Data shown >>
______

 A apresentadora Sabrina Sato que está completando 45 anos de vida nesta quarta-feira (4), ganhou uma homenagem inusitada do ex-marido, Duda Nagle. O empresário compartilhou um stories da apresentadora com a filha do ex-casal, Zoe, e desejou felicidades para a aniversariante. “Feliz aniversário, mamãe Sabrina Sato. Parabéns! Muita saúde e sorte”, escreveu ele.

______

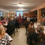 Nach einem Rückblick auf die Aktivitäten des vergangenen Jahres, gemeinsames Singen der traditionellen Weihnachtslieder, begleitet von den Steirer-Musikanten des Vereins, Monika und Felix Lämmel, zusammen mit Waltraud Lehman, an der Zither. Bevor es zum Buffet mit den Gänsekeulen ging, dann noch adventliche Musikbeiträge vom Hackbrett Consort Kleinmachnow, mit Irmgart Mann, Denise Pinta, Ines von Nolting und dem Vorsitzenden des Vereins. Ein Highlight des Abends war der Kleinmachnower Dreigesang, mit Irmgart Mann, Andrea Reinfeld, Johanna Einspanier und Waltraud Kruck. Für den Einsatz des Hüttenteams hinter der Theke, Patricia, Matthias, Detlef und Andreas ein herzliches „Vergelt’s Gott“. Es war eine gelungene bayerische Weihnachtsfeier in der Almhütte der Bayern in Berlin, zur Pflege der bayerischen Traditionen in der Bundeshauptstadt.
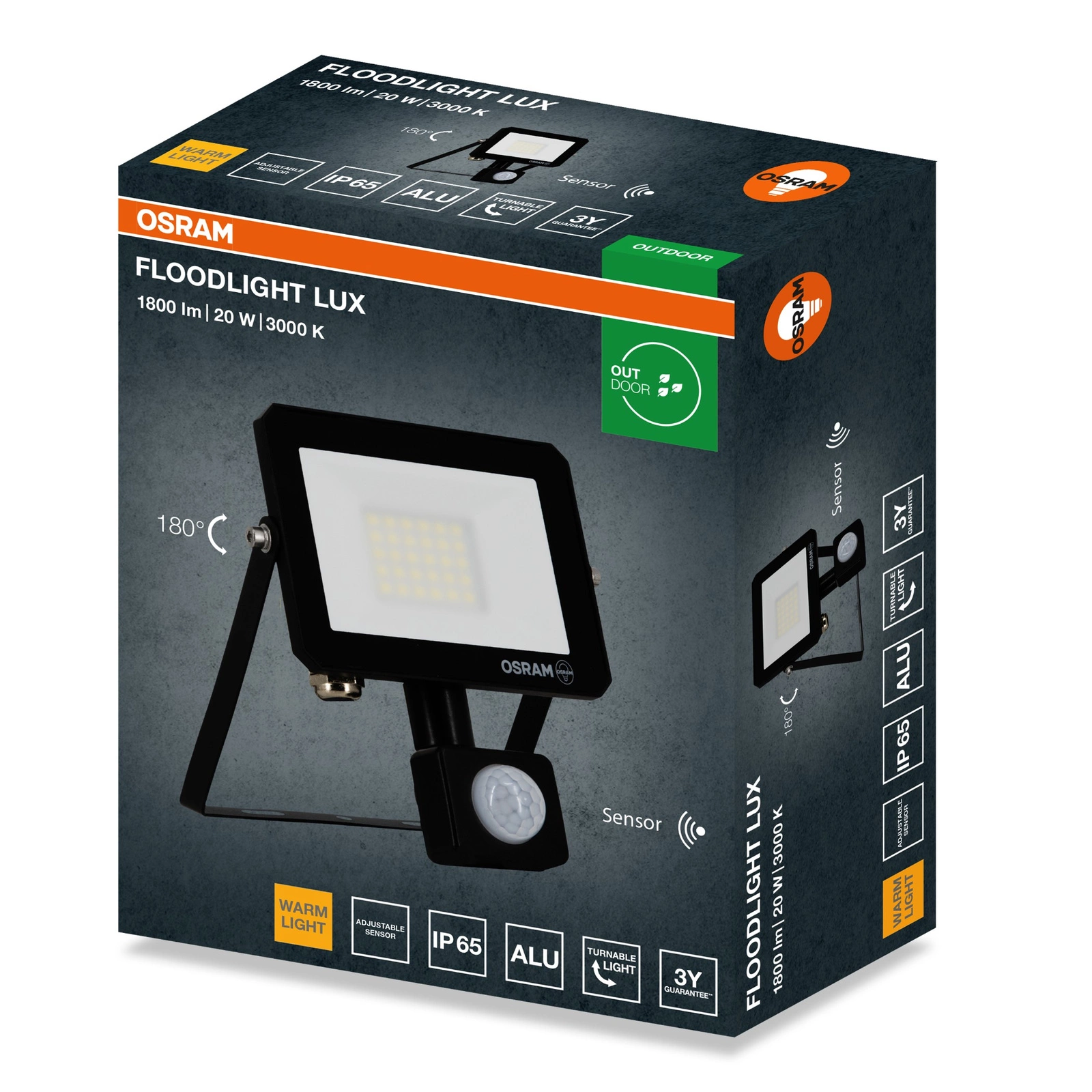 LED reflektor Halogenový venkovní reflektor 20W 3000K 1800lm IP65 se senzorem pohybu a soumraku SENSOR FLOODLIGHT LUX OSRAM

______

Requirement >> Above are the records; please give again, exactly and in full, only the lines that run from the line with "Nach einem Rückblick" through the line with "LED reflektor Halogenový", with no pictures.

Output >>
 Nach einem Rückblick auf die Aktivitäten des vergangenen Jahres, gemeinsames Singen der traditionellen Weihnachtslieder, begleitet von den Steirer-Musikanten des Vereins, Monika und Felix Lämmel, zusammen mit Waltraud Lehman, an der Zither. Bevor es zum Buffet mit den Gänsekeulen ging, dann noch adventliche Musikbeiträge vom Hackbrett Consort Kleinmachnow, mit Irmgart Mann, Denise Pinta, Ines von Nolting und dem Vorsitzenden des Vereins. Ein Highlight des Abends war der Kleinmachnower Dreigesang, mit Irmgart Mann, Andrea Reinfeld, Johanna Einspanier und Waltraud Kruck. Für den Einsatz des Hüttenteams hinter der Theke, Patricia, Matthias, Detlef und Andreas ein herzliches „Vergelt’s Gott“. Es war eine gelungene bayerische Weihnachtsfeier in der Almhütte der Bayern in Berlin, zur Pflege der bayerischen Traditionen in der Bundeshauptstadt.
 LED reflektor Halogenový venkovní reflektor 20W 3000K 1800lm IP65 se senzorem pohybu a soumraku SENSOR FLOODLIGHT LUX OSRAM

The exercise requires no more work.